Comparative Undermining Attack (CUA)

Updated 18 June 2026

Comparative Undermining Attack (CUA) is an adversarial methodology that systematically perturbs inputs—using techniques like adversarial suffixes—to maximize ML system failure rates.
CUA employs diverse methods such as Greedy Coordinate Gradient for LLMs, GAN+SMOTE for text, and FGSM with GradCAM for images, as well as stylometric obfuscation for authorship tasks.
Empirical evaluations demonstrate that CUA increases attack success rates dramatically across LLM judges, text classifiers, image classifiers, and stylometric attribution, highlighting significant system vulnerabilities.

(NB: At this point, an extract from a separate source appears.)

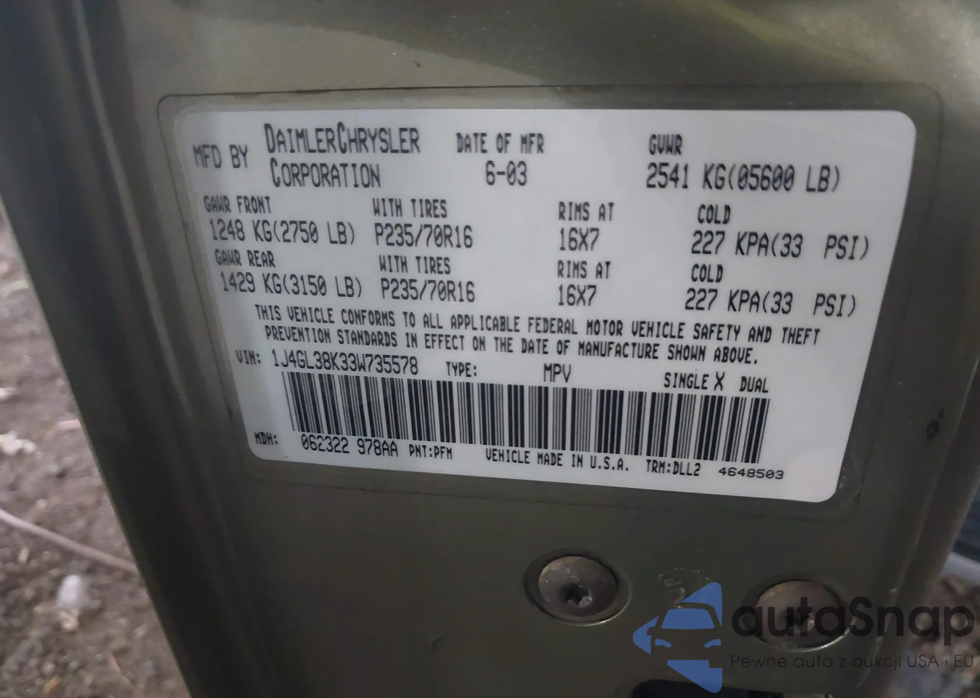 • VIN 2C3CDZJG5MH533355

The AutoJudge Framework is a set of adversarial methodologies and optimization algorithms designed to systematically undermine the reliability of machine learning evaluation, classification, and attribution systems. The Comparative Undermining Attack (CUA) serves as the principal technical instantiation of this framework, spanning application domains that include LLM-as-a-Judge system integrity, image/text classification, and authorship attribution via adversarial stylometry. Central to AutoJudge is the explicit maximization of system failure rates—specifically, the strategic perturbation or transformation of inputs to induce misclassification, verdict flipping, or attribution confusion, while preserving surface-level plausibility or semantic coherence.

1. Formal Definitions and Threat Models

AutoJudge encompasses domain-specialized CUA procedures, each formally defined by its objective, perturbation class, access model, and evaluation measure.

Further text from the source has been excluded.